Um pioneiro do Legislativo

Único político da primeira safra de deputados distritais na Câmara Legislativa, Wasny de Roure assume a presidência da Casa. Sua prioridade é resolver pendências na questão fundiária de Brasília

Ana Maria Campos - Publicação:23/01/2013 15:17Atualização:23/01/2013 15:24

O novo presidente da Câmara Legislativa, Wasny de Roure (PT), é um dos políticos que fazem parte da história da capital. É o único da primeira safra de distritais que ainda tem mandato na Casa. Na estreia, durante a legislatura de 1991 a 1994, dividiu o plenário com o hoje governador Agnelo Queiroz (PT) e com o vice Tadeu Filippelli (PMDB). Naquela época, foi relator da CPI das Terras Públicas, que apresentou ao DF problemas até hoje pendentes de solução.

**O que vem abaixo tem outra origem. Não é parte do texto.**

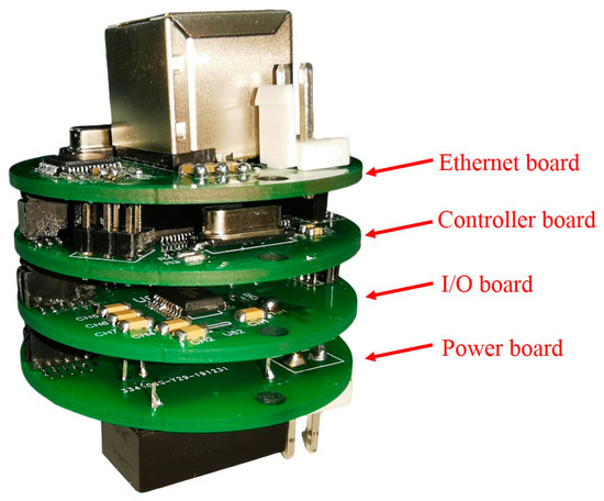 As Figure 8 shows, the printed circuit board of the SIA is designed as a multi-layer stacked structure, including an Ethernet board, a controller board, an I/O board, and a power board. The Ethernet board contains network chips and electronic interfaces. The chip WIZnet W5500 is used to provide a hardware TCP/IP protocol stack. The controller board contains a microcontroller, a storage chip, and a clock chip. The microcontroller is NXP MC9S12 which provides abundant standard on-chip peripherals [27]. The I/O board contains chips and interfaces for interacting with instruments, supporting serial communication interface EIA-232 and EIA-485, as well as an analog to digital conversion function. The power board steps down the input voltage to power the SIA and the instrument with a suitable DC–DC converter.

Nessa trajetória, Wasny integrou quatro legislaturas na Câmara e exerceu um mandato como deputado federal, além de uma suplência. Economista, foi secretário de Fazenda do governo de Cristovam Buarque, em 1995. Agora, mais de duas décadas depois do primeiro mandato, chegou ao comando do Legislativo, com o apoio do governo.

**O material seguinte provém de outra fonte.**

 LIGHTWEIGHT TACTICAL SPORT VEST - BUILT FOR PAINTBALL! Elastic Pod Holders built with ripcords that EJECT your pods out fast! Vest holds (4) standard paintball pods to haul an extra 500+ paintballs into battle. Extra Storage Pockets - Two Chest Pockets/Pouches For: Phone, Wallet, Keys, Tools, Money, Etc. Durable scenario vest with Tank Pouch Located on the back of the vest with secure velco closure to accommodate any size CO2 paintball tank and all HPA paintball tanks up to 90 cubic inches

Um dos mais antigos petistas do DF, Wasny acredita que, na presidência da Câmara, terá um papel fundamental no equilíbrio político, que levará o aliado Agnelo Queiroz à campanha para reeleição. Apesar da postura de parceiro, a ponto de tratar a administração do DF como “nosso governo”, Wasny também faz críticas, como a necessidade de ampliação do número de creches.

 (Fotos: Monique Renne/CB/DA Press)
O senhor esteve na inauguração da Câmara Legislativa e continua na Casa, agora como presidente. Houve avanços nesses 20 anos?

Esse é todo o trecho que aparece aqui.